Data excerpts
::::::

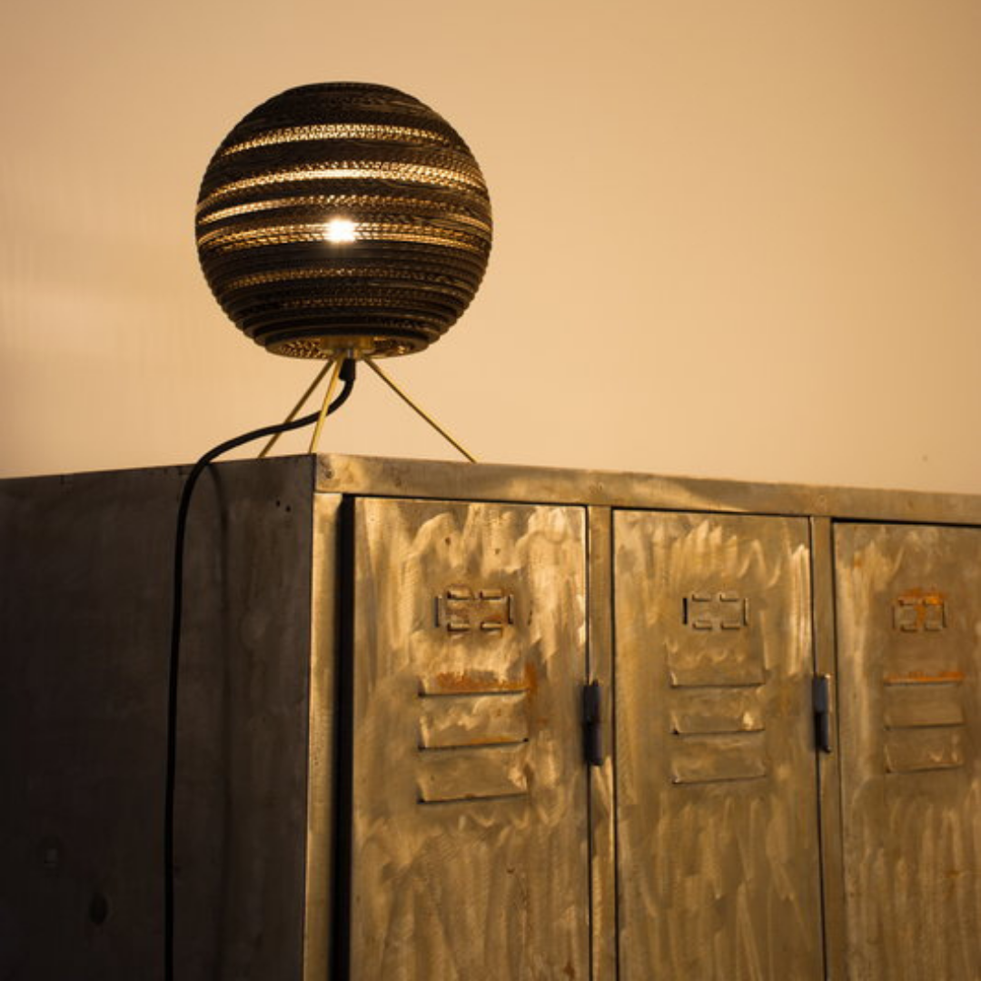 Moon maakt deel uit van de Scraplights collectie van Graypants met opvallende armaturen van golfkarton. Het op maat gemaakte materiaal wordt met de laser gesneden en met de hand in de gewenste vorm geassembleerd, met behulp van een niet-giftige lijm, en afgewerkt met een niet-giftige vlamvertrager. Uniek en duurzaam vervaardigd, de Scraplights armaturen voegen een natuurlijke, organische toets toe aan elk interieur.
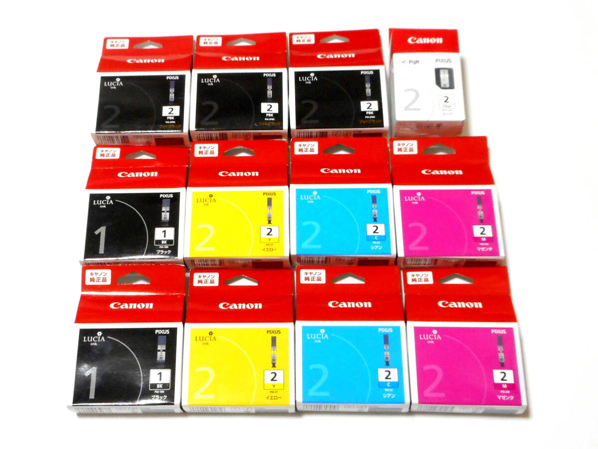 - Canon キヤノン PIXUS 純正 インクタンク 12個セット PGI-1BK/2PBK/2C/2M/2Y/2Clear ブラック シアン マゼンタ イエロー クリア 期限切れ
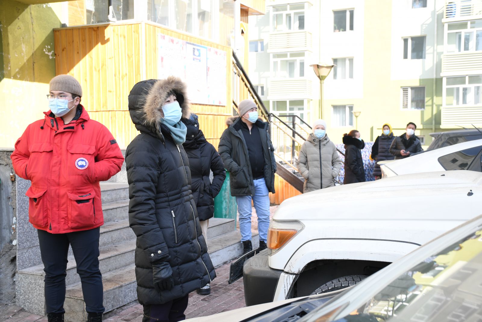 Нэг өрх-Нэг хаалга шинжилгээнд сайн дураараа санаачлагатай, идвэхтэй оролцож буй иргэн бүрт талархаж, Хан-Уул дүүргийн явуулын цэгт шинжилгээ өгч байсан иргэдийн төлөөлөлд Эрүүл мэндийн сайд С.Энхболд баярлаж буйгаа илэрхийллээ.
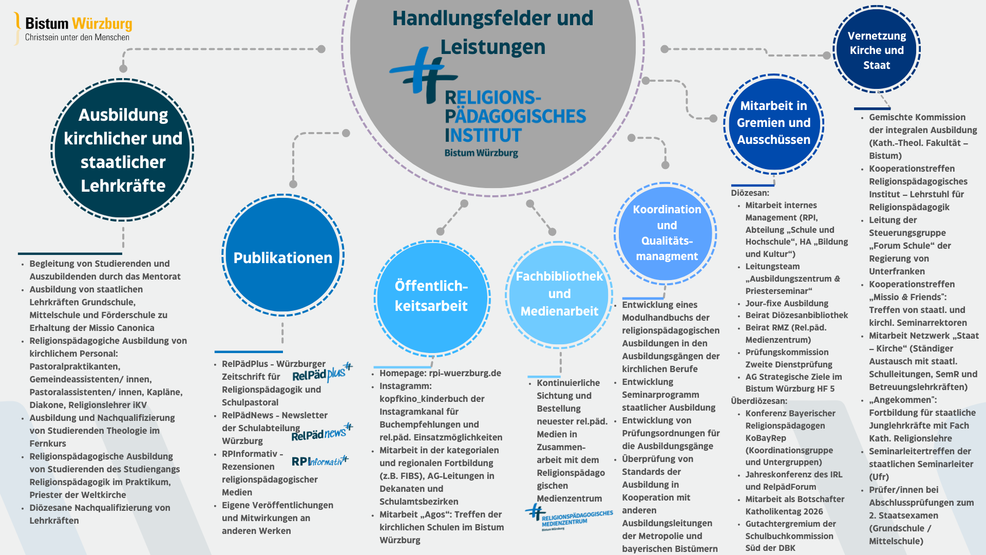 - Vernetzung mit kirchlichen (z.B. Abteilung Schule und Hochschule) und staatlichen Stellen (Universität Würzburg, Regierung von Unterfranken, staatliche Seminare u.a.)
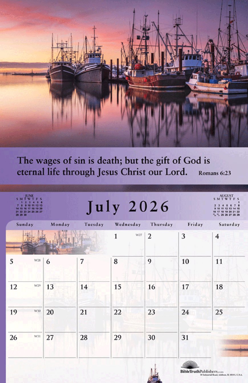 Calendrier à grandes cases idéal pour inscrire vos rendez-vous avec un verset différent à chaque mois.
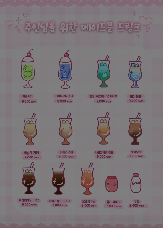 이건 메이드문 드링크 메뉴판이다.
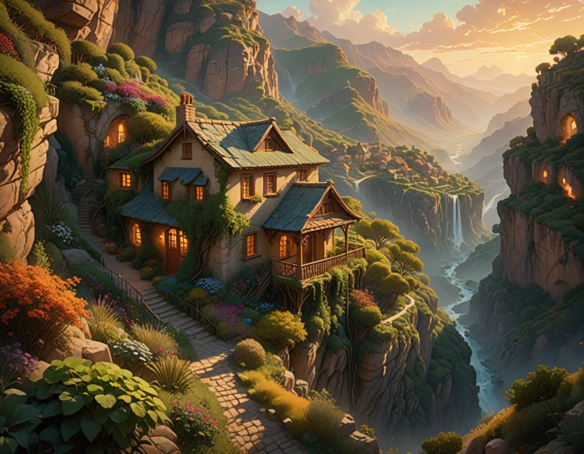 This image depicts a charming cottage nestled in a lush canyon, surrounded by vibrant colors, intricate details, and lush greenery, set against a mystical desert backdrop with warm golden light and a misty atmosphere.
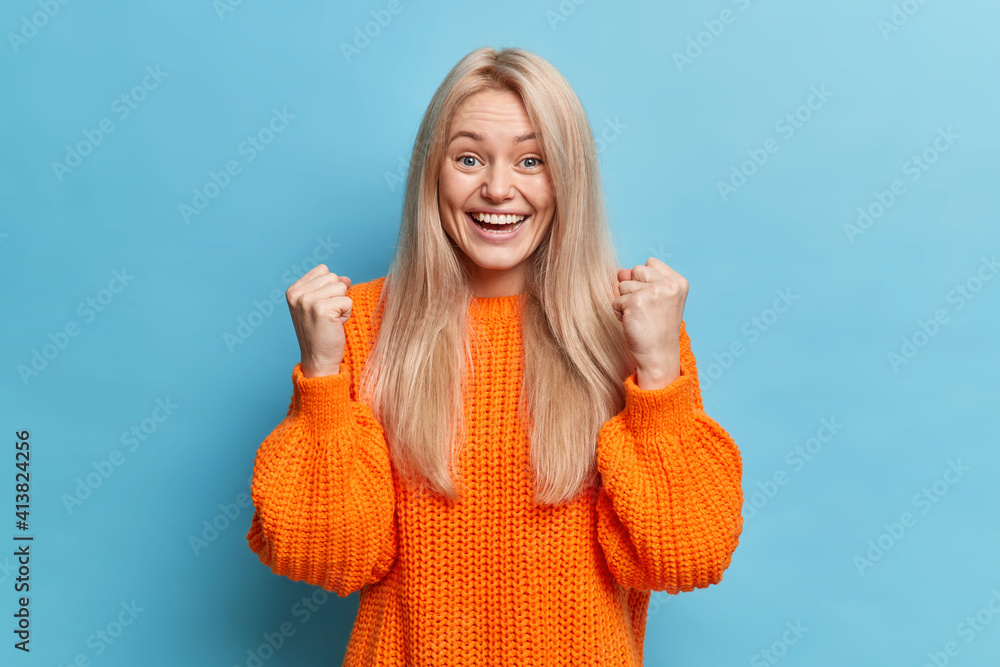 Euphoric overjoyed blonde woman celebrates success clenches fists with triumph screams from happiness cannot believe in victory dressed in orange knitted sweater isolated over blue background

::::::

**Requirement**
Output nothing but the records above, word for word, with the pictures removed.

**Output of the exercise**
 Moon maakt deel uit van de Scraplights collectie van Graypants met opvallende armaturen van golfkarton. Het op maat gemaakte materiaal wordt met de laser gesneden en met de hand in de gewenste vorm geassembleerd, met behulp van een niet-giftige lijm, en afgewerkt met een niet-giftige vlamvertrager. Uniek en duurzaam vervaardigd, de Scraplights armaturen voegen een natuurlijke, organische toets toe aan elk interieur.
 - Canon キヤノン PIXUS 純正 インクタンク 12個セット PGI-1BK/2PBK/2C/2M/2Y/2Clear ブラック シアン マゼンタ イエロー クリア 期限切れ
 Нэг өрх-Нэг хаалга шинжилгээнд сайн дураараа санаачлагатай, идвэхтэй оролцож буй иргэн бүрт талархаж, Хан-Уул дүүргийн явуулын цэгт шинжилгээ өгч байсан иргэдийн төлөөлөлд Эрүүл мэндийн сайд С.Энхболд баярлаж буйгаа илэрхийллээ.
 - Vernetzung mit kirchlichen (z.B. Abteilung Schule und Hochschule) und staatlichen Stellen (Universität Würzburg, Regierung von Unterfranken, staatliche Seminare u.a.)
 Calendrier à grandes cases idéal pour inscrire vos rendez-vous avec un verset différent à chaque mois.
 이건 메이드문 드링크 메뉴판이다.
 This image depicts a charming cottage nestled in a lush canyon, surrounded by vibrant colors, intricate details, and lush greenery, set against a mystical desert backdrop with warm golden light and a misty atmosphere.
 Euphoric overjoyed blonde woman celebrates success clenches fists with triumph screams from happiness cannot believe in victory dressed in orange knitted sweater isolated over blue background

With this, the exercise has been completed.